La recommandation de TimescaleDB est que le chunk actif tienne dans environ 25 % de la mémoire disponible. C'est une cible mobile. À mesure que les taux d'ingestion croissent, le même intervalle de temps représente plus d'octets, et un chunk de 30 jours qui allait bien il y a un an peut devenir un problème aujourd'hui.

Ce qu'il faut savoir sur set_chunk_time_interval, c'est qu'il n'affecte que les chunks futurs. Les chunks existants conservent leur taille d'origine et continuent d'être interrogés sans souci. Pas de réécriture, pas de verrou exclusif, pas de backfill. L'hypertable transitionne naturellement à l'arrivée de la prochaine frontière de chunk. Cela en fait l'un des leviers les plus sûrs à tourner dans TimescaleDB. Si le résultat ne vous plaît pas, vous l'inversez de la même façon.

Ce que nous avons remarqué

Fin de l'année dernière, nous avons remarqué qu'une de nos hypertables les plus lourdes — des millions de lignes par semaine, plusieurs To sur disque avant compression — vieillissait mal. La compression prenait du retard sur l'ingestion, les lectures de données récentes devenaient progressivement plus lourdes au fil de l'automne, et chaque fois qu'un flux amont republiait quelques jours d'historique (ce qui arrive plus souvent qu'on ne le voudrait), nous finissions par décompresser des mois entiers de données pour absorber le changement. L'intervalle de chunk — fixé à 30 jours quand la table était petite — avait cessé de nous rendre service.

Ce que nous avons changé

En septembre, le job de compression de cette table a commencé à échouer — le chunk était devenu trop gros pour finir en une seule passe. C'est pourquoi ce fut la première table que nous avons touchée. Nous avons fait passer l'intervalle de chunk de 1 mois à 7 jours, et regardé le job tourner dans le dashboard de monitoring Timescale Cloud jusqu'à ce qu'il s'exécute proprement à nouveau.
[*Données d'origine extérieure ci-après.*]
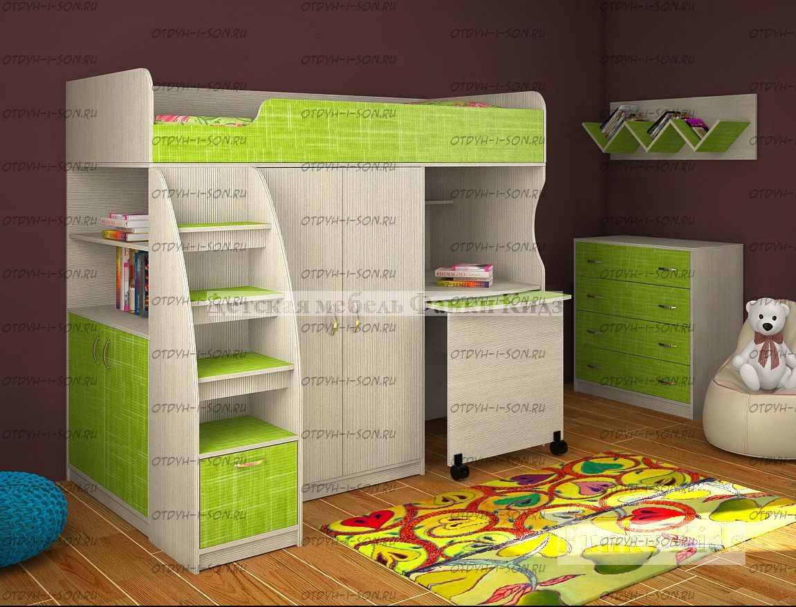 Кровать-чердак Фанки Кидз-18/2 СВ. Кровать может собираться как на левую сторону, так и на правую сторону. Характеристики: Размер спального места: 80х190 Внешние габариты: 832х1932х1640 Материал: ЛДСП 16 мм (Австрия, Egger). Цвет корпуса: ольха, дуб кремона, сосна лоредо, венге, орех Цвет фасада: розовый, крем ваниль, оранжевый, зеленый, файнлайн крем, голубой, венге, дуб кремона, ольха, орех Комплектация: кровать чердак 18 полка 13/11 комод 13/5

Deux mois plus tard, nous avons vu la même panne sur une autre table — un de nos flux de données de classements musicaux. Le même correctif a marché. À ce stade, l'ayant vu deux fois en deux mois, nous avons mis à jour le reste de nos tables d'engagement chaudes dans une seule PR début décembre. Toutes sont passées à des chunks de 7 jours. Chaque migration ressemblait à un simple set_chunk_time_interval(..., interval: "7 days") encadré par un safety_assured.

Ce que nous y avons gagné

  • La compression a rattrapé son retard plus vite. Des chunks plus petits terminent une passe de politique de compression plus rapidement, donc l'écart entre données « live » et compressées a diminué pour chaque table touchée (gains de compression de l'ordre de 90 %).